Chinese brands attack in luxury

What if the time had come for Chinese luxury brands? What COM strategy to remove the brakes from consumers? How to internationalize a national brand? The We Are COM team had a green tea with Michel Chevalier, luxury and brands expert in China. Banzai!

Hello Michel ! Chinese brands are starting to conquer the West (and not only). How do you see this phenomenon?

You should know that there are many Brands very powerful Chinese. We are not necessarily yet exposed to it in Europe because for the moment, they have chosen to devote their communication strategy to the Chinese market. But to get an idea of ​​their potential, we can say that their strike force is commensurate with the Chinese domestic market, and more broadly with mainland China (including Taiwan and Hong Kong). That is to say very very extensive! It has been observed in recent years that their behavior has tended to change, in particular with the emergence of luxury brands with high potential. It is interesting to observe their strategy of conquest and to what extent they will internationalize. We are at a pivotal moment, especially since at the same time, we are also witnessing the takeovers of major international luxury brands by Chinese brands. How will all this be organized in the years to come?

What are the communication strategies of Chinese brands?

In general, Chinese brands communicate little… They rarely develop a branding or corporate communication strategy, and even less in non-Chinese media. They focus their communication efforts on Press relations and public relations, on commercial communication around products, in particular within their points of sale, which represent their real strength. For example, some Chinese luxury brands unknown in Europe weigh much more than some international luxury brands. We can for example quote “Chow Tai Fook” which weighs twice as heavy as Cartier in terms of turnover, with more than 2 points of sale, 1 designers and 000 diamond cutting factories. For these brands, development and growth take precedence over investment in brand communication.

The “First Name Last Name” format is a classic luxury naming strategy.

In terms of naming, what are the options chosen by Chinese brands that are already exporting internationally?

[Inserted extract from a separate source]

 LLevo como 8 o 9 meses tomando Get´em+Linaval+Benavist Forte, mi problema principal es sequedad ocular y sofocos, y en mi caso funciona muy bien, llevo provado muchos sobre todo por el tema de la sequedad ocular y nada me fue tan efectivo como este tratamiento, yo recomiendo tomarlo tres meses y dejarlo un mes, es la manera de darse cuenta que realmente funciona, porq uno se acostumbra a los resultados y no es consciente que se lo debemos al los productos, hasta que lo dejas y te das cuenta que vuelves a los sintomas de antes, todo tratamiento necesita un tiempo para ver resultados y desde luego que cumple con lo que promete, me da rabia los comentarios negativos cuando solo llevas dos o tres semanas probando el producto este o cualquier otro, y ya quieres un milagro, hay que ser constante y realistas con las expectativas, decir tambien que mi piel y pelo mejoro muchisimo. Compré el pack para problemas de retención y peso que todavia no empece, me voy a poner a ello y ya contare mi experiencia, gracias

First of all, there are the brands that choose an international name and decide to no longer make any reference to their country. This is the case, for example, for the Esprit, Herborist, Stella Luna or Giada brands. Conversely, there are brands that very strongly claim their origin with Chinese characters and names that are sometimes difficult to pronounce for the “uninitiated”: Xang Xia, Shiatzy Tschen or even Guo Pei. However, despite a very strong name, these brands offer a resolutely international fashion and it is for example in the detail of the accessories that we can find the Chinese style. Finally, other brands have found a form of compromise with a mixed name, such as Wallace Snan, Helen Lee or Cindy Cao, which play on the “First name and last name” format. A fairly classic strategy in the luxury sector.

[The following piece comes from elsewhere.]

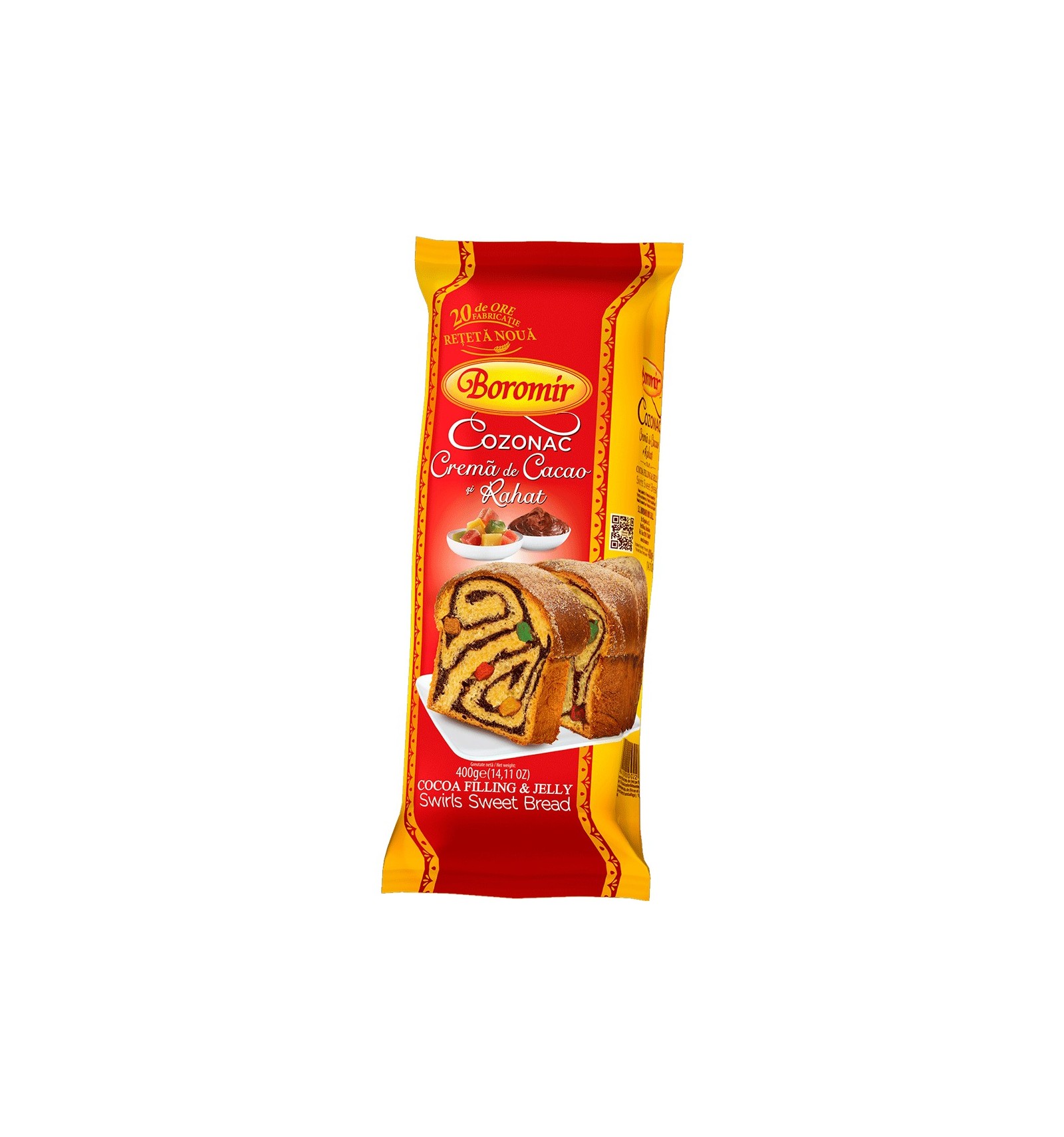Ingrediente: făină albă de grâu, rahat 17% (zahăr, amidon de porumb, apă, acidifiant: acid citric, dextroză, coloranţi alimentari: extract de morcovi, brilliant blue FCF, arome), zahăr, drojdie naturală (făină albă de grâu, apă), uleiuri vegetale (palmier, floarea soarelui, rapiţă), albuş de ou, gălbenuș de ou, apă, sirop de zahăr invertit, unt, emulsifianți: mono și digliceride ale acizilor grași și lecitină de soia, lapte praf, cacao pudră degresată 1%, alcool etilic, drojdie, sare iodată, arome. Produsul poate conţine urme de nucă.

Is “Made in China” a plus or a burden for Chinese luxury brands?

It depends on the brands. Claiming manufacture in China for a Chinese brand may seem consistent. We can therefore imagine that this is not a major obstacle to its development. In any case, vis-à-vis the mainland Chinese market, it is not: what the Chinese see above all is economic development and job creation on their territory. That being said, it remains frequent, among Chinese luxury brands which aim to export internationally, that their factories are in China while their creation studios are, for their part, located in Paris or Milan ... the cradles of fashion! Anyway, we can say that the majority of these brands remain pragmatic: “what are the expectations of the country in which I am setting up operations? Does the fact that I am Chinese add value or not to sell my products? ". These are the questions that Chinese brands are asking themselves before going international. If the answer is no, “Made in China” will not be promoted.

3 things to know about Michel

> He holds a doctorate from Harvard Business School.
> He is the author of the reference work " When China awakens to luxury », Dedicated to the rise of Chinese luxury brands outside Asia.
> He was successively Managing Director of Paco Rabanne Perfumes and President of Paco Rabanne Couture.